◆ **RECORD EXTRACTS**
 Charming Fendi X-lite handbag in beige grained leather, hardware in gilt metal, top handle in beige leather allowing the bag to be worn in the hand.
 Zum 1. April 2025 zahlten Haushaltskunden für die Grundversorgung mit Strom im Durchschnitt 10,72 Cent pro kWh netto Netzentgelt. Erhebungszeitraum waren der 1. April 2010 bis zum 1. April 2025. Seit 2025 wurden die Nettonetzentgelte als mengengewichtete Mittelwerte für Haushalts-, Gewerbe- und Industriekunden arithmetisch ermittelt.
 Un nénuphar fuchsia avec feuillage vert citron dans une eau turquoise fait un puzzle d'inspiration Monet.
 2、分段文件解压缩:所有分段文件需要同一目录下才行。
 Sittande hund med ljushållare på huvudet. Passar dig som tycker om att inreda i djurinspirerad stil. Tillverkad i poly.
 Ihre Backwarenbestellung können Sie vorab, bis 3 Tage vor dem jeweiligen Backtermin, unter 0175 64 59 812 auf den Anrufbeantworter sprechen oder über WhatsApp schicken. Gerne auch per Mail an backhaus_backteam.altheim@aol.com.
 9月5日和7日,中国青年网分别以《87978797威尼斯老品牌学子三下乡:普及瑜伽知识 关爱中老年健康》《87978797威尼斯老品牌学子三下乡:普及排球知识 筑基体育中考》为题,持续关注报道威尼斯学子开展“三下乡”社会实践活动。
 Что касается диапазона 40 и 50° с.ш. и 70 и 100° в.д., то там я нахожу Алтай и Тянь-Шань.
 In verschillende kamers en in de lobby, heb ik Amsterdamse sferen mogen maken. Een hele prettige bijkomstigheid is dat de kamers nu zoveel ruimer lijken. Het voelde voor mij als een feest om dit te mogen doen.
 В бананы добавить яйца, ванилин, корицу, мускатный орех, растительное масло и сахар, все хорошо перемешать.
---
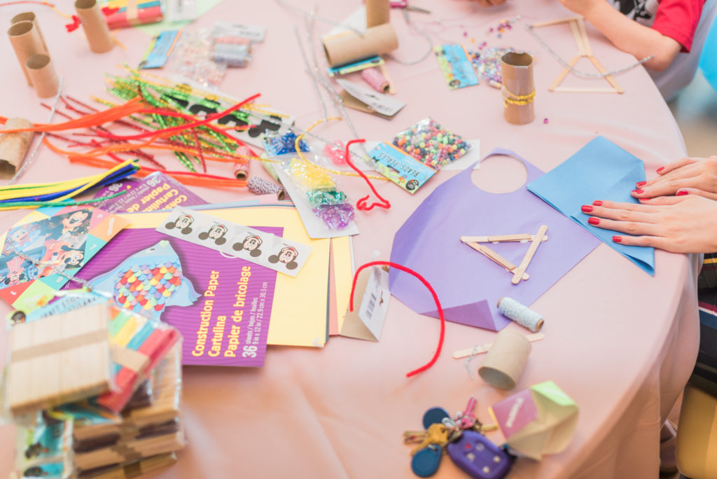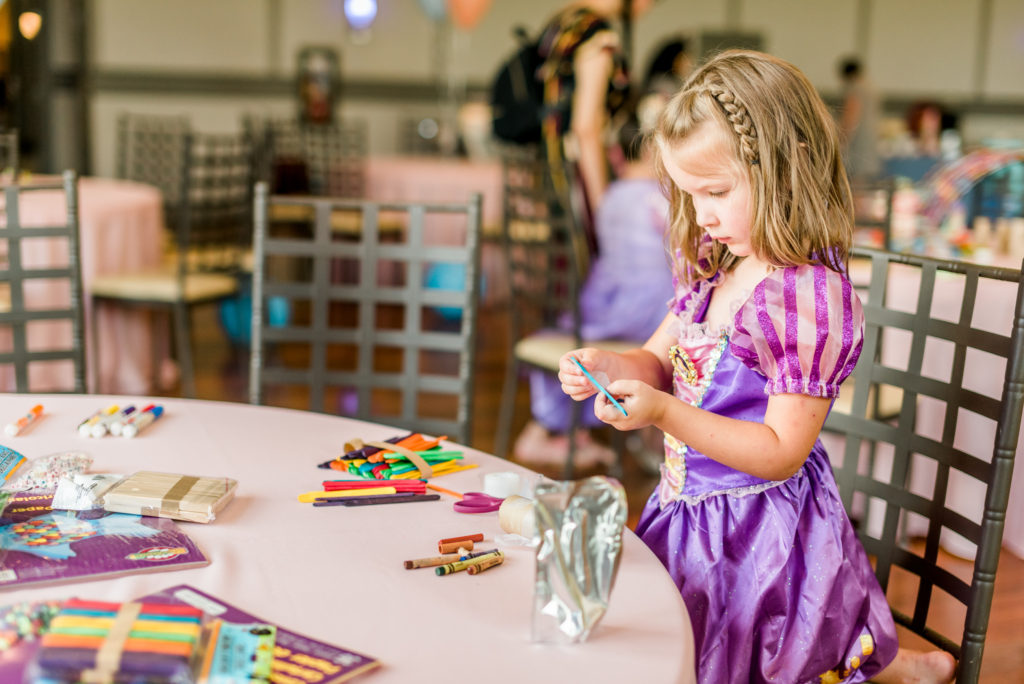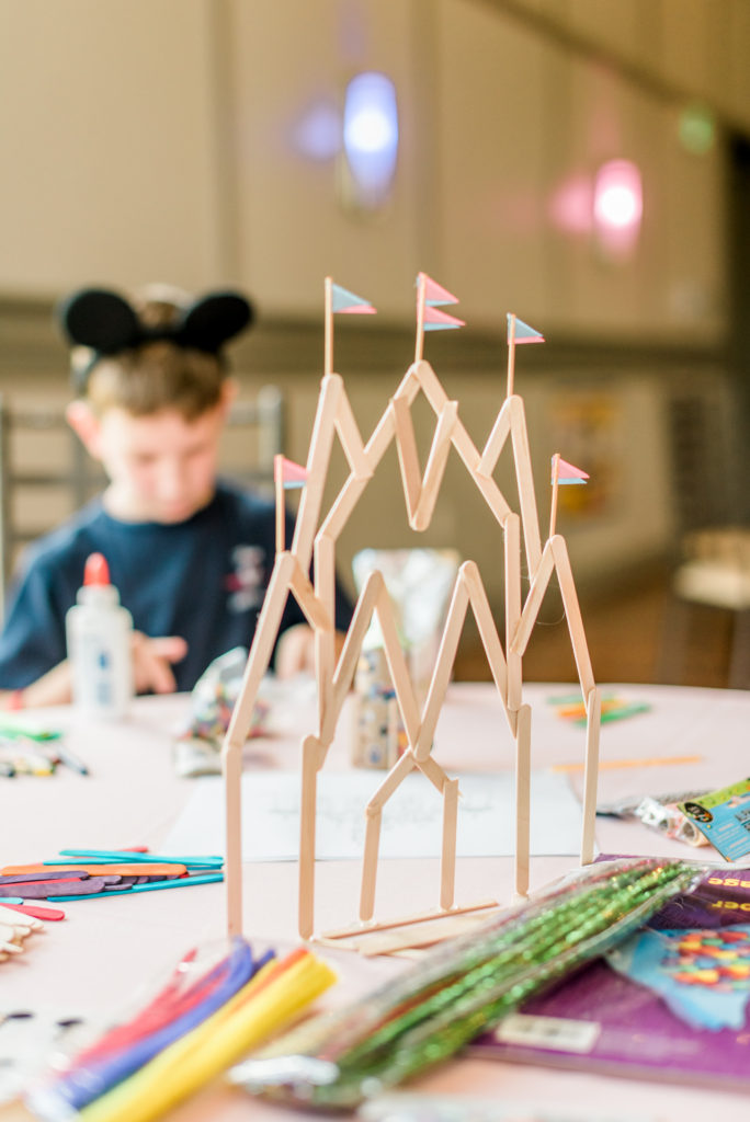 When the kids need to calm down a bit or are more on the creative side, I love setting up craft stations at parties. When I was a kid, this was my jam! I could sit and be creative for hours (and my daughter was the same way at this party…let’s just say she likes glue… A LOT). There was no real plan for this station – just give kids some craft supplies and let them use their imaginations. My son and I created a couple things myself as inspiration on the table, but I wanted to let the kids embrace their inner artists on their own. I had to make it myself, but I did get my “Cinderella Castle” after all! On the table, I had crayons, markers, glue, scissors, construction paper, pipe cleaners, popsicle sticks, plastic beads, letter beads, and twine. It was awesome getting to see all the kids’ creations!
* * *
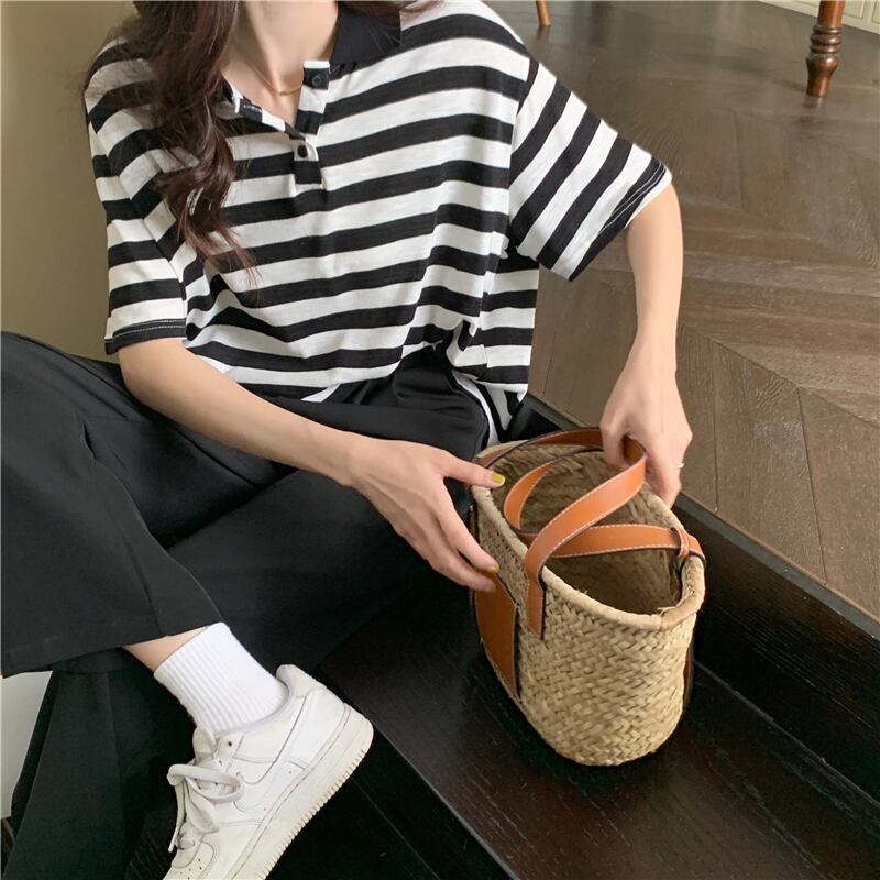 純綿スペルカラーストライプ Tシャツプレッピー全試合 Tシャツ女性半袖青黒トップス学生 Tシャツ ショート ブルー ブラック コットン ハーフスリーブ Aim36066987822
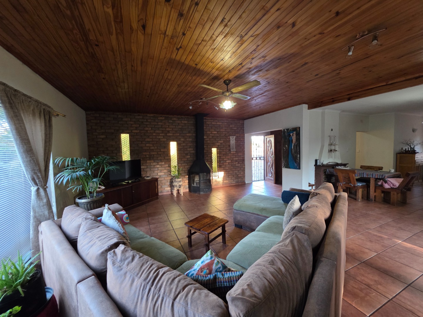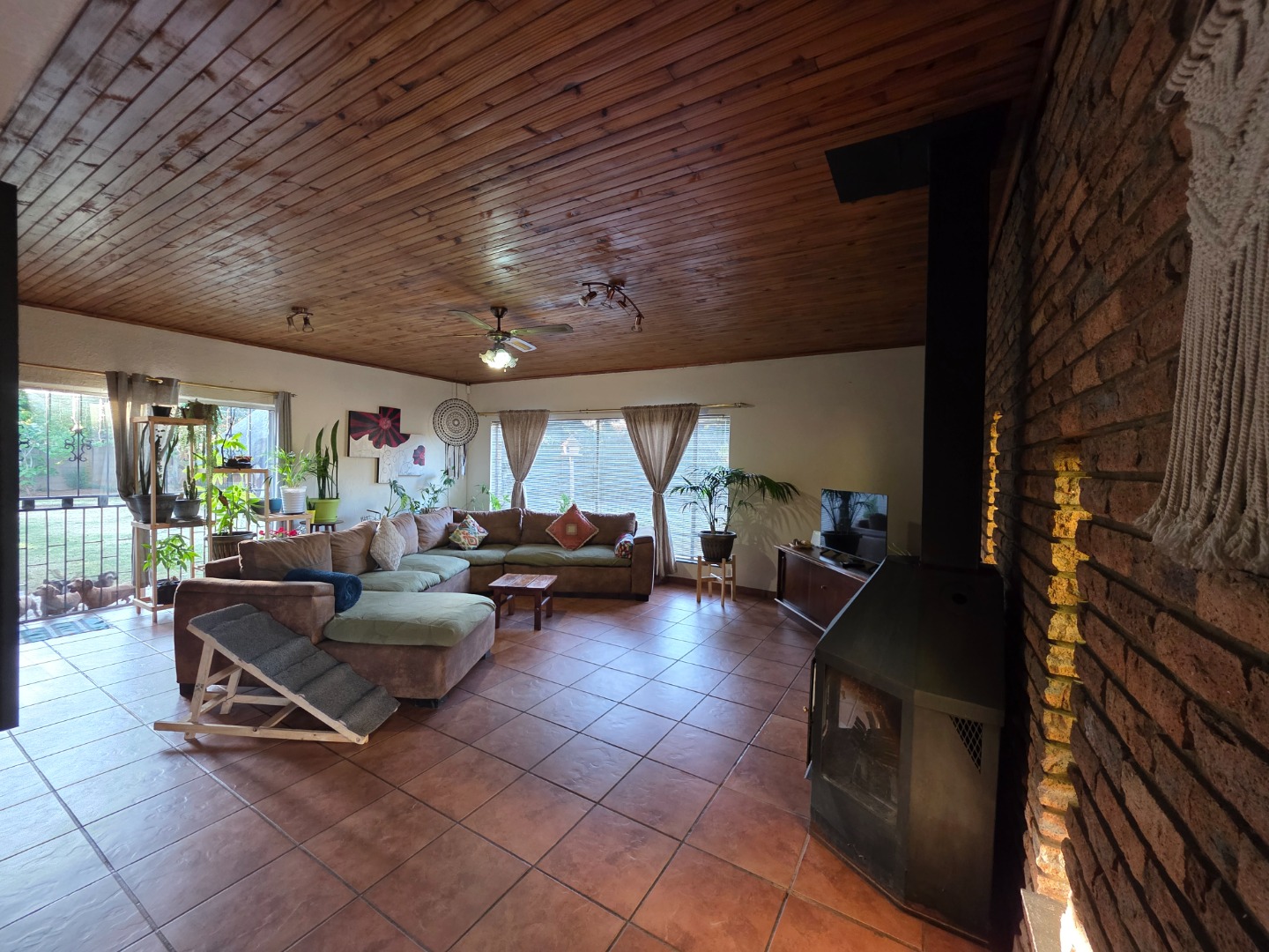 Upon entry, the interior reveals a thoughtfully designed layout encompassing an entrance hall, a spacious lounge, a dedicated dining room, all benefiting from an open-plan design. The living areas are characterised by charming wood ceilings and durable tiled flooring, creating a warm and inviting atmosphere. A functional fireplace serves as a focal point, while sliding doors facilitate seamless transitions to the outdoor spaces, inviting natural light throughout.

◆ **TASK TO COMPLETE**
For the listing above, print only the lines starting at the line containing "Un nénuphar fuchsia" and ending at the line containing "In verschillende kamers", exactly, both included.

◆ **RESULT OF THIS EXERCISE**
 Un nénuphar fuchsia avec feuillage vert citron dans une eau turquoise fait un puzzle d'inspiration Monet.
 2、分段文件解压缩:所有分段文件需要同一目录下才行。
 Sittande hund med ljushållare på huvudet. Passar dig som tycker om att inreda i djurinspirerad stil. Tillverkad i poly.
 Ihre Backwarenbestellung können Sie vorab, bis 3 Tage vor dem jeweiligen Backtermin, unter 0175 64 59 812 auf den Anrufbeantworter sprechen oder über WhatsApp schicken. Gerne auch per Mail an backhaus_backteam.altheim@aol.com.
 9月5日和7日,中国青年网分别以《87978797威尼斯老品牌学子三下乡:普及瑜伽知识 关爱中老年健康》《87978797威尼斯老品牌学子三下乡:普及排球知识 筑基体育中考》为题,持续关注报道威尼斯学子开展“三下乡”社会实践活动。
 Что касается диапазона 40 и 50° с.ш. и 70 и 100° в.д., то там я нахожу Алтай и Тянь-Шань.
 In verschillende kamers en in de lobby, heb ik Amsterdamse sferen mogen maken. Een hele prettige bijkomstigheid is dat de kamers nu zoveel ruimer lijken. Het voelde voor mij als een feest om dit te mogen doen.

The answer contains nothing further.